Pictures in the records are to be excluded from an otherwise exact copy.
===== PROVIDED INFORMATION =====
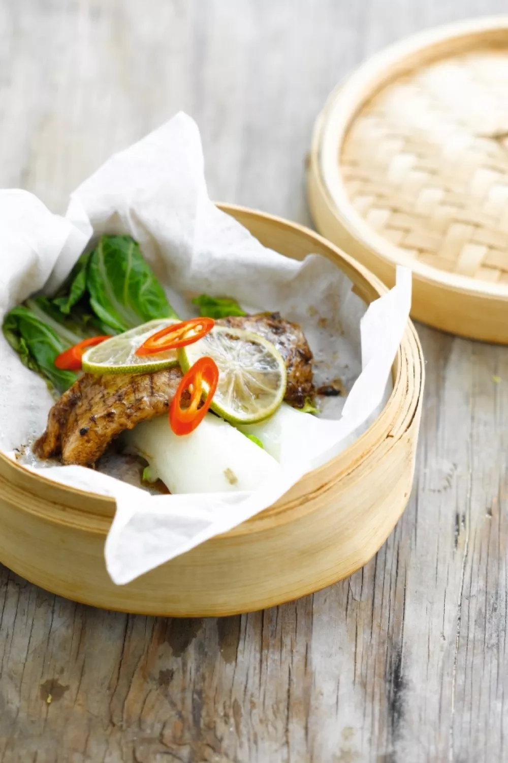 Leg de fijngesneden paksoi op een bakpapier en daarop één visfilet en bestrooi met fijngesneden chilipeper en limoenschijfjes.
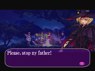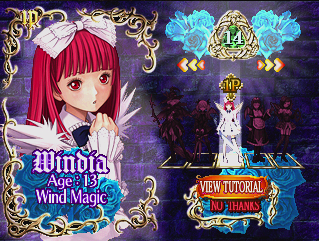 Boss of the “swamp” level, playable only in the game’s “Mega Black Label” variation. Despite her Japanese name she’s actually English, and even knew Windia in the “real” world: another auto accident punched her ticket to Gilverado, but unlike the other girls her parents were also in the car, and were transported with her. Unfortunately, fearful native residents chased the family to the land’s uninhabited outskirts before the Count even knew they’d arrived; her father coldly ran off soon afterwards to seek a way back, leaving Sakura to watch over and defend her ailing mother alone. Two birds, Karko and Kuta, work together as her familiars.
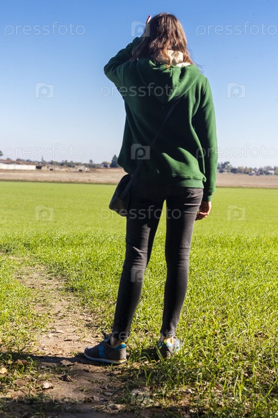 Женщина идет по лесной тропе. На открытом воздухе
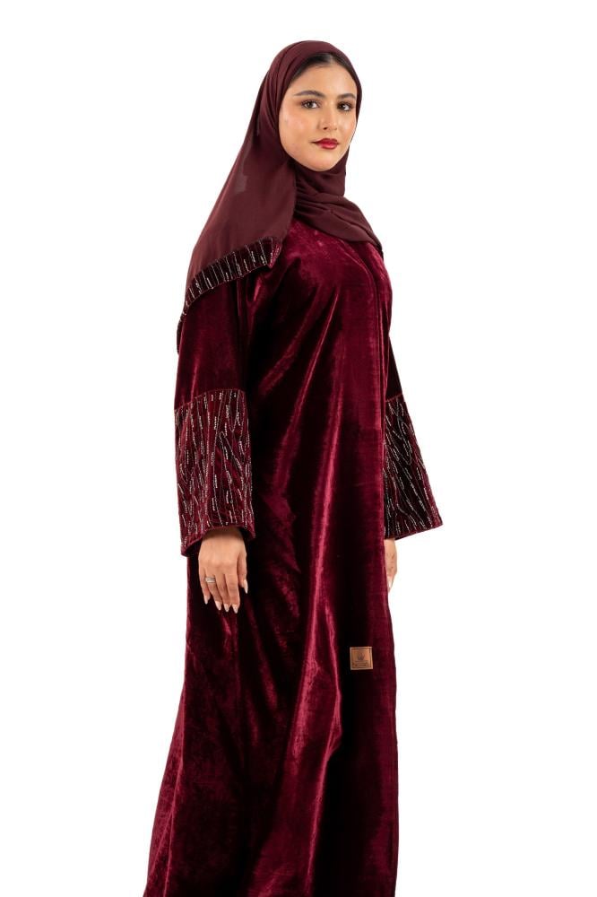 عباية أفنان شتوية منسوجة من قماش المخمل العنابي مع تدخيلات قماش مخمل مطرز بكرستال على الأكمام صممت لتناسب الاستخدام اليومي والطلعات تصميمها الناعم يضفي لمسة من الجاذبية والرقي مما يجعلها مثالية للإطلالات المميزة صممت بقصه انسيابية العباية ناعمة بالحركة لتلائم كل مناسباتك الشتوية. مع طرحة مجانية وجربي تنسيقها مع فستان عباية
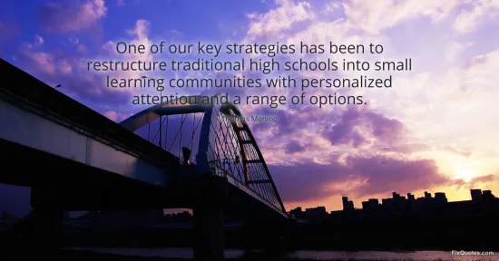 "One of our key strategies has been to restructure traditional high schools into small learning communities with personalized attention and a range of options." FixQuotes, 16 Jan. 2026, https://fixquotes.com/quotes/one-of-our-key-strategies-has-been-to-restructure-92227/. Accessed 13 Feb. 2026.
=====
RESPONSE:
 Leg de fijngesneden paksoi op een bakpapier en daarop één visfilet en bestrooi met fijngesneden chilipeper en limoenschijfjes.
 Boss of the “swamp” level, playable only in the game’s “Mega Black Label” variation. Despite her Japanese name she’s actually English, and even knew Windia in the “real” world: another auto accident punched her ticket to Gilverado, but unlike the other girls her parents were also in the car, and were transported with her. Unfortunately, fearful native residents chased the family to the land’s uninhabited outskirts before the Count even knew they’d arrived; her father coldly ran off soon afterwards to seek a way back, leaving Sakura to watch over and defend her ailing mother alone. Two birds, Karko and Kuta, work together as her familiars.
 Женщина идет по лесной тропе. На открытом воздухе
 عباية أفنان شتوية منسوجة من قماش المخمل العنابي مع تدخيلات قماش مخمل مطرز بكرستال على الأكمام صممت لتناسب الاستخدام اليومي والطلعات تصميمها الناعم يضفي لمسة من الجاذبية والرقي مما يجعلها مثالية للإطلالات المميزة صممت بقصه انسيابية العباية ناعمة بالحركة لتلائم كل مناسباتك الشتوية. مع طرحة مجانية وجربي تنسيقها مع فستان عباية
 "One of our key strategies has been to restructure traditional high schools into small learning communities with personalized attention and a range of options." FixQuotes, 16 Jan. 2026, https://fixquotes.com/quotes/one-of-our-key-strategies-has-been-to-restructure-92227/. Accessed 13 Feb. 2026.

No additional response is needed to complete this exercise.